- [Requirement]:
Would you please retype the records that follow, word for word?

- [Recorded information]:
BEGIN
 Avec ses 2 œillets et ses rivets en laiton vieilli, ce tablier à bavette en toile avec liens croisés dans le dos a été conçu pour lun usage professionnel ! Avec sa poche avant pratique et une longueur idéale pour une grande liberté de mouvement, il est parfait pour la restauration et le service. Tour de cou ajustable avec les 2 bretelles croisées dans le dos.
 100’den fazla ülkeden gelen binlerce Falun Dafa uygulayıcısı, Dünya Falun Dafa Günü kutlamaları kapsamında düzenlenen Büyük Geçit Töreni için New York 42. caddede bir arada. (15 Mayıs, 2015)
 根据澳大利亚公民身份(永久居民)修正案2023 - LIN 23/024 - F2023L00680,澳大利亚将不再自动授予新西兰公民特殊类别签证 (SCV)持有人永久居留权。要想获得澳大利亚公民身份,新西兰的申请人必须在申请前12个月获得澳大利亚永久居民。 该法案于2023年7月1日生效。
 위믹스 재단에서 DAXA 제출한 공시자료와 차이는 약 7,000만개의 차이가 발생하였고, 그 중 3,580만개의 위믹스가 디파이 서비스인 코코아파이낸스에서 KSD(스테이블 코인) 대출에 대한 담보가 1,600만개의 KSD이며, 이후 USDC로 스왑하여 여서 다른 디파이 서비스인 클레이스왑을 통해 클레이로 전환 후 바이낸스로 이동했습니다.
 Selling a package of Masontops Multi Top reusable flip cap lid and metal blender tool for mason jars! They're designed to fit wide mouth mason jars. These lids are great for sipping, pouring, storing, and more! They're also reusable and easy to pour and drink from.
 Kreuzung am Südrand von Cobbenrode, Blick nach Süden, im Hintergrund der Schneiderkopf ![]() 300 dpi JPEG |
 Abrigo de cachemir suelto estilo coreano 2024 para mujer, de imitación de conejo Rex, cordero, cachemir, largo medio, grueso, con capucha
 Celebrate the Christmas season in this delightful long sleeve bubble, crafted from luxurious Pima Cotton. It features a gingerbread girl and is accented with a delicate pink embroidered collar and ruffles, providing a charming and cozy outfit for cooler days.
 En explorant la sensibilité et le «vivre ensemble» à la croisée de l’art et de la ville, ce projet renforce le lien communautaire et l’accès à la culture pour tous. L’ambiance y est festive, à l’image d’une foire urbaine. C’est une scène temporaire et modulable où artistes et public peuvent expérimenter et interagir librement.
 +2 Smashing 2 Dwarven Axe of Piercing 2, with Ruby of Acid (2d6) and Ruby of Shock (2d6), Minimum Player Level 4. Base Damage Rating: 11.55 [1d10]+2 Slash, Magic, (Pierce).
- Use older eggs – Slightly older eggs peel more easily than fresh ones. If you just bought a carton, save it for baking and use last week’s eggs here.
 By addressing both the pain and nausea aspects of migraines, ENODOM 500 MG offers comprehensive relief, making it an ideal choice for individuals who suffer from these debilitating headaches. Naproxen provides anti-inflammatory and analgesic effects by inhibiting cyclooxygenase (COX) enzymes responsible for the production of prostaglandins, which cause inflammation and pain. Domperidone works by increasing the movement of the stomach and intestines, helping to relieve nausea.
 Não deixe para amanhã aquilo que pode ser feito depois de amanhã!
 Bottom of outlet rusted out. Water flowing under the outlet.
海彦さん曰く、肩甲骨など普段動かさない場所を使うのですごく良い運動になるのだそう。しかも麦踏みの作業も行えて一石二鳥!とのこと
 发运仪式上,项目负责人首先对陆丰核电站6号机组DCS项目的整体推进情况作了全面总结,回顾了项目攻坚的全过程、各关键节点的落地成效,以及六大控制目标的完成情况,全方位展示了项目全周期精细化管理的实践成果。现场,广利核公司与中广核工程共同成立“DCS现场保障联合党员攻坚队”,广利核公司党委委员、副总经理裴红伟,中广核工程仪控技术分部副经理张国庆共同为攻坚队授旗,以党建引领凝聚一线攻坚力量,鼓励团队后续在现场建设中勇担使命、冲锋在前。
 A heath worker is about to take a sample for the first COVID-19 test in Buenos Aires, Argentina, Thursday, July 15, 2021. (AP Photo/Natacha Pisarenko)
END
- [Written response]:
 Avec ses 2 œillets et ses rivets en laiton vieilli, ce tablier à bavette en toile avec liens croisés dans le dos a été conçu pour lun usage professionnel ! Avec sa poche avant pratique et une longueur idéale pour une grande liberté de mouvement, il est parfait pour la restauration et le service. Tour de cou ajustable avec les 2 bretelles croisées dans le dos.
 100’den fazla ülkeden gelen binlerce Falun Dafa uygulayıcısı, Dünya Falun Dafa Günü kutlamaları kapsamında düzenlenen Büyük Geçit Töreni için New York 42. caddede bir arada. (15 Mayıs, 2015)
 根据澳大利亚公民身份(永久居民)修正案2023 - LIN 23/024 - F2023L00680,澳大利亚将不再自动授予新西兰公民特殊类别签证 (SCV)持有人永久居留权。要想获得澳大利亚公民身份,新西兰的申请人必须在申请前12个月获得澳大利亚永久居民。 该法案于2023年7月1日生效。
 위믹스 재단에서 DAXA 제출한 공시자료와 차이는 약 7,000만개의 차이가 발생하였고, 그 중 3,580만개의 위믹스가 디파이 서비스인 코코아파이낸스에서 KSD(스테이블 코인) 대출에 대한 담보가 1,600만개의 KSD이며, 이후 USDC로 스왑하여 여서 다른 디파이 서비스인 클레이스왑을 통해 클레이로 전환 후 바이낸스로 이동했습니다.
 Selling a package of Masontops Multi Top reusable flip cap lid and metal blender tool for mason jars! They're designed to fit wide mouth mason jars. These lids are great for sipping, pouring, storing, and more! They're also reusable and easy to pour and drink from.
 Kreuzung am Südrand von Cobbenrode, Blick nach Süden, im Hintergrund der Schneiderkopf ![]() 300 dpi JPEG |
 Abrigo de cachemir suelto estilo coreano 2024 para mujer, de imitación de conejo Rex, cordero, cachemir, largo medio, grueso, con capucha
 Celebrate the Christmas season in this delightful long sleeve bubble, crafted from luxurious Pima Cotton. It features a gingerbread girl and is accented with a delicate pink embroidered collar and ruffles, providing a charming and cozy outfit for cooler days.
 En explorant la sensibilité et le «vivre ensemble» à la croisée de l’art et de la ville, ce projet renforce le lien communautaire et l’accès à la culture pour tous. L’ambiance y est festive, à l’image d’une foire urbaine. C’est une scène temporaire et modulable où artistes et public peuvent expérimenter et interagir librement.
 +2 Smashing 2 Dwarven Axe of Piercing 2, with Ruby of Acid (2d6) and Ruby of Shock (2d6), Minimum Player Level 4. Base Damage Rating: 11.55 [1d10]+2 Slash, Magic, (Pierce).
- Use older eggs – Slightly older eggs peel more easily than fresh ones. If you just bought a carton, save it for baking and use last week’s eggs here.
 By addressing both the pain and nausea aspects of migraines, ENODOM 500 MG offers comprehensive relief, making it an ideal choice for individuals who suffer from these debilitating headaches. Naproxen provides anti-inflammatory and analgesic effects by inhibiting cyclooxygenase (COX) enzymes responsible for the production of prostaglandins, which cause inflammation and pain. Domperidone works by increasing the movement of the stomach and intestines, helping to relieve nausea.
 Não deixe para amanhã aquilo que pode ser feito depois de amanhã!
 Bottom of outlet rusted out. Water flowing under the outlet.
海彦さん曰く、肩甲骨など普段動かさない場所を使うのですごく良い運動になるのだそう。しかも麦踏みの作業も行えて一石二鳥!とのこと
 发运仪式上,项目负责人首先对陆丰核电站6号机组DCS项目的整体推进情况作了全面总结,回顾了项目攻坚的全过程、各关键节点的落地成效,以及六大控制目标的完成情况,全方位展示了项目全周期精细化管理的实践成果。现场,广利核公司与中广核工程共同成立“DCS现场保障联合党员攻坚队”,广利核公司党委委员、副总经理裴红伟,中广核工程仪控技术分部副经理张国庆共同为攻坚队授旗,以党建引领凝聚一线攻坚力量,鼓励团队后续在现场建设中勇担使命、冲锋在前。
 A heath worker is about to take a sample for the first COVID-19 test in Buenos Aires, Argentina, Thursday, July 15, 2021. (AP Photo/Natacha Pisarenko)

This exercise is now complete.